Little things meant a lot. Like large, clear, high-contrast graphics. Granted, the salient images were mostly just letters, numbers, and arrows, but I appreciated the legibility that hand-drawn diagrams on a board (or fancy but hard-to-read and harder-to-screenclip renditions) sometimes lack. The lectures were repetitive enough to build up some kind of vocabulary. The step-by-step approach was perfect for me; again, someone with a stronger background in the field might have found this a bit annoying, but that’s what fast-forward is for. I was also delighted to see an explanation for Simpson’s Paradox that actually made sense to me, an explanation that didn’t involve batting averages or student test scores but related to a research case; it tied together causation and weighted averaging for me in a way I hadn’t seen before. Interestingly, a couple of days after I encountered that lecture, MinutePhysics released a video about Simpson that so closely mirrored the lecture, I had to wonder if Henry Reich was enrolled in the mooc.
Each module began with a case study: the effect of estrogen on uterine cancer, folic acid and birth defects, etc. Somewhere in there was a problem, usually a contradiction between studies using different statistical methods, or a result that didn’t make sense (could cigarette smoking prevent dementia in older people? No, of course not, but what does it mean when the numbers say that?). This would lead into a discussion of the module topic – confounding, or selection bias, or measurement bias – and about 45 minutes of video, divided into short segments, to explain how the problem arose and how it could be fixed.

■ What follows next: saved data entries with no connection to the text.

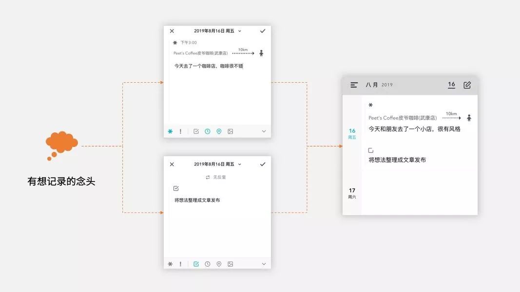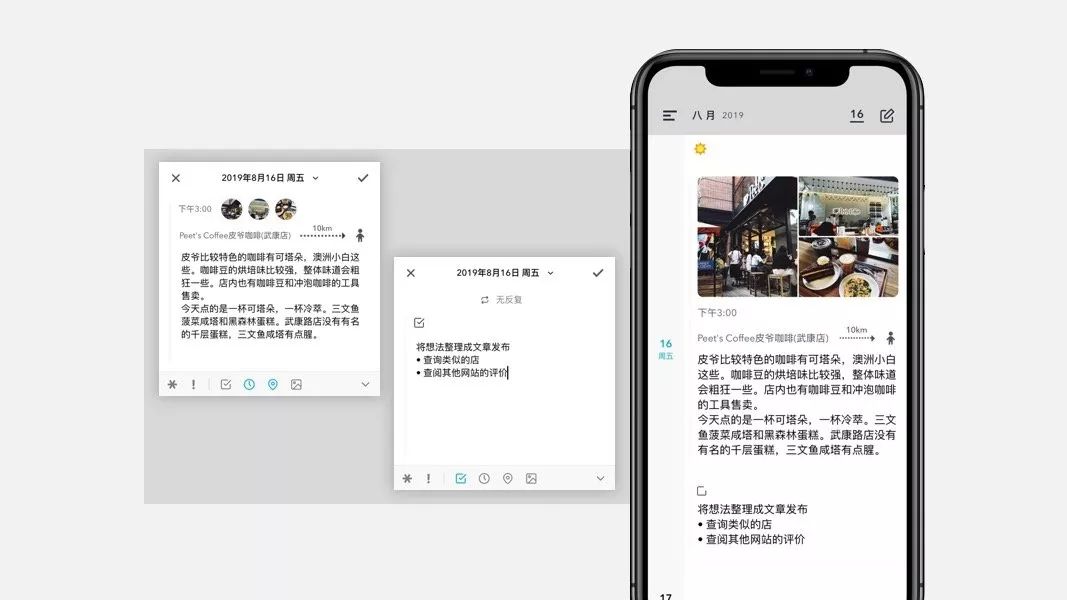 到晚上写日记的时候,再打开笔记,在日记下做细化的填写。添加拍的照片、当时的具体感受,方便以后的回顾。再针对 Todo 待办的部分,整理接下来需要做的事,如查询一些类似的咖啡店、查阅下其他点评网站的评价等等。这样一来,一天的日记就安排上了,满满当当。从随手的笔记,到细化的日记,比原先写日记的压力小多了。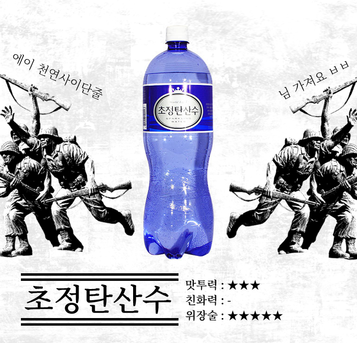 20대 초반이면 탄산수를 모를 나이다. 이건 사이다도 아니고, 물도 아니고, 밍밍한데 뭐가 툭툭 건드리는 느낌이랄까? 결국 천연사이다를 마시지 못한 마음의 상처를 받게 된다. 군당국은 초정탄산수의 위장술이 뛰어난 것인지, 국군장병들의 독해력이 떨어진 것인지 밝혀 더 이상의 비극을 막아야 한다.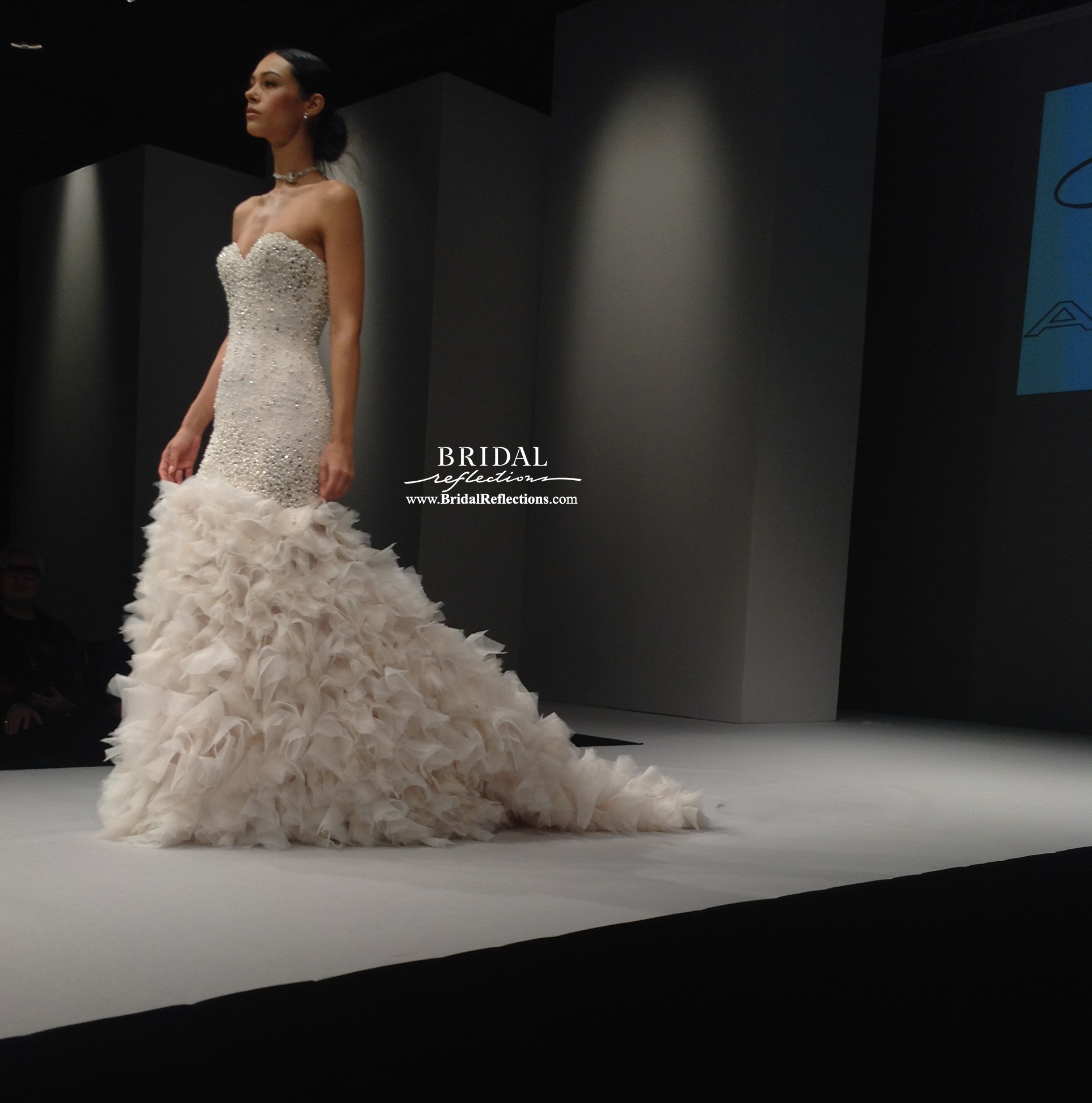 The Spring 2016 Eve of Milady collection is strikingly breathtaking. As the models walked down the runway each and every one of them looked like royalty. Drenched in beautiful Ivory/Blush fabrics, champagne lace and sparkle tulle, sheer hand beaded bodices, full layered whimsical skirts with sequins all around and gorgeous fit and flare three dimensional bodice beading. If you want your fantasy wedding dress to come true then the Eve of Milady Spring 2016 collection will be the perfect choice to fulfill your dreams!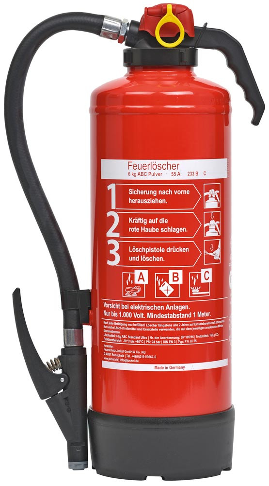 ∙ Universeller ABC-Feuerlöscher als Aufladeversion, ist auch für den Einsatz an elektrischen Anlagen bis 1000 Volt geeignet ∙ Schlagknopfarmatur mit glasfaserverstärktem Polyamidgehäuse und vernickelten Messing-Gewindeeinsätzen ∙ Löschschlauch mit abstellbarer Löschpistole ∙ Inkl. stabilem Fußring und Wandhalter

A final recap of the case, showing how the module topic played into the real-life research and how causal diagrams resolved the problem, ended the week.

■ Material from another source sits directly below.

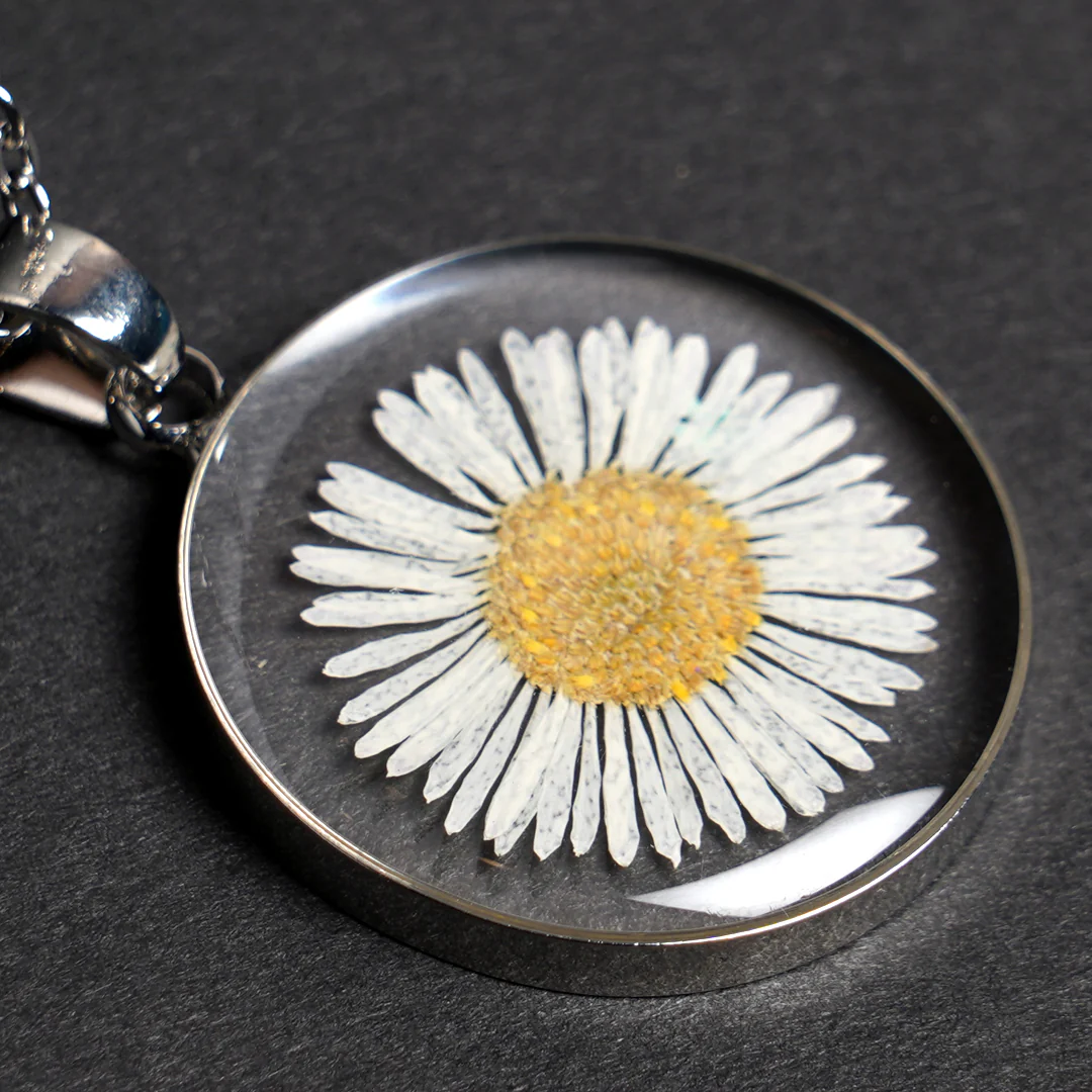Material - Resin , Real Flower , Stainless steel bezel & Chain.

Graded material included short quizzes after most video segments, and a weekly quiz. The final exam was a series of four case studies (only two were required) discussed at length via interview with different investigators, and questions relating to the issues raised by those studies. This was great in a couple of ways. It’s always nice to see how someone else talks about a subject, since everyone uses slightly different language and sees different things as central. It also presented questions on new issues without the same degree of shepherding and hand-holding. I found the first one quite manageable, the second one a bit trickier, and the third one very difficult. At this writing, I haven’t looked at the fourth one yet.

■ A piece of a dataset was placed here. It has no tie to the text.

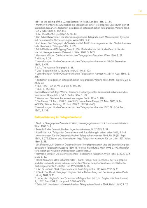 191 1854, to the sailing of the„Great Eastern“ in 1866. London 1866, S. 12 f. 4 Matthew Fontaine Maury: Ueber die Möglichkeit einer Telegraphen-Linie durch den atlantischen Ozean, in: Zeitschrift des deutsch-österreichischen Telegraphen-Vereins 1854, Heft V(Mai 1854), S. 142–144. 5 o.A., The Atlantic Telegraph, S. 16–19. 6 Carl Albert Mayrhofer: Die electro-magnetische Telegrafie nach Morse´schem Systeme mit den neuesten Verbesserungen. Wien 1862, S. 2. 7 Karl Knies: Der Telegraph als Verkehrsmittel. Mit Erörterungen über den Nachrichtenverkehr überhaupt. Tübingen 1857, S. 72 f. 8 Edith Dörfler und Wolfgang Pensold: Die Macht der Nachricht: die Geschichte der Nachrichtenagenturen in Österreich. Wien 2001, S. 142 f. 9 Hermann Militzer: Die österreichischen Telegraphen-Anstalten. Wien 1866, S. 24. 10 Militzer, S. 25. 11 Verordnungen für die Oesterreichischen Telegraphen-Aemter Nr. 53(28. Dezember 1865), S. 459. 12 o.A., The Atlantic Telegraph, S. 68. 13 Das Telegramm Nr. 7, 15. Aug. 1867, S. 101, S. 103. 14 Verordnungen für die Oesterreichischen Telegraphen-Aemter Nr. 32(18. Aug. 1866), S. 218. 15 Zeitschrift des deutsch-österreichischen Telegraphen-Vereins 1869, Heft I bis IV, S. 23, S. 26, S. 33. 16 Ebd. 1867, Heft VI, VII und VIII, S. 155–157. 17 Ebd., S. 163–174; Conrad Matschoß(Hg): Werner Siemens. Ein kurzgefaßtes Lebensbild nebst einer Auswahl seiner Briefe(etc.), Bd. 1. Berlin 1916, S. 124. 18 Werner von Siemens: Lebenserinnerungen. Berlin 1916, S. 198. 19 Die Presse, 19. Feb. 1870, S. 5(ANNO); Neue Freie Presse, 22. März 1870, S. 24 (ANNO); Wiener Zeitung, 28. Juni 1870, S. 1262(ANNO). 20 Verordnungen für die Oesterreichischen Telegraphen-Aemter 1867, Nr. 6(16. Feb. 1867), S. 133. Rationalisierung im Telegrafendienst 1 Die k. k. Telegraphen-Zentrale in Wien, herausgegeben vom k. k. Handelsministerium. Wien 1907, S. 2. 2 Zeitschrift des österreichischen Ingenieur-Vereines, H. 2/1863, S. 39. 3 Adolf Klar. K.K. Telegrafen Central-Amt und Stadtleitung in Wien. Wien 1866, S. 1–3. 4 Verordnungen für die Oesterreichischen Telegraphen-Aemter 1863, Nr. 38(24. Sept. 1863), S. 275; Kästner und Alvensleben(Hg): Telegrafen-Kalender für das Jahr 1867. Wien 1866, S. 58. 5 Josef Reindl, Der Deutsch-Österreichische Telegraphenverein und die Entwicklung des deutschen Telegraphenwesens 1850–1871(etc.). Frankfurt a. Main 1993 S. 192.(Frankfurter Studien zur neueren und neuesten Geschichte. 2) 6 Hermann Militzer: Die österreichischen Telegraphen-Anstalten. Wien 1866, S. 20, S. 33 f, S. 36, S. 40. 7 Heinz Zemanek: Otto Schäffler(1838 – 1928). Pionier des Telephons, der Telegraphie und der Lochkarte sowie Erbauer der ersten Wiener Telephonzentralen, in: Blätter für Technikgeschichte 41/42/43, Heft 1979/80/81, S. 86. 8 o.A.: Dr. Johann Stark(Österreichische Post-Biographie. XI.) Wien 1916, S. 11. 9 J. Sack: Der Druck-Telegraph Hughes. Seine Behandlung und Bedienung. Wien-PestLeipzig 1884, S. 11. 10 Ueber den Hughes’schen Typendruck-Telegraphen(etc.), in: Polytechnisches Journal, Jg. 1867, Band 184, 2. Hauptteil, S.10 f(ANNO). 11 Zeitschrift des deutsch-österreichischen Telegraphen-Vereins 1869, Heft I bis IV, S. 12.

If I may digress (and it’s my blog, who’s gonna stop me?), I created a kind of study guide on Cerego for this course. While it’s clearly best for pure fact memorization, I’m finding that just figuring out the key points and the best Cerego format for them is a form of studying; then the spaced-recall feature worked quite well to keep reminding me about d-separation rules and different structures as I moved through the weeks. I’m still new to creating my own sets and am pretty clumsy at it, but I was impressed with how well it worked here with incorporating – not just remembering – things like a conditioned collider opens a path but a conditioned non-collider blocks it.
To be honest, I was kind of Done by the time I got to the cases in Week 5. Remember, I’m a tourist in these parts, and while it was a very nice place to visit, I’m not sure I’d want to live there. And I have other things starting, so I needed to clear the boards. But I’m very glad I wandered in. I have no idea how the course would work for typical data science students, and I wouldn’t imagine anyone else would be particularly interested. But for me, always looking for a way in to the math I can’t seem to understand, it was another huge success.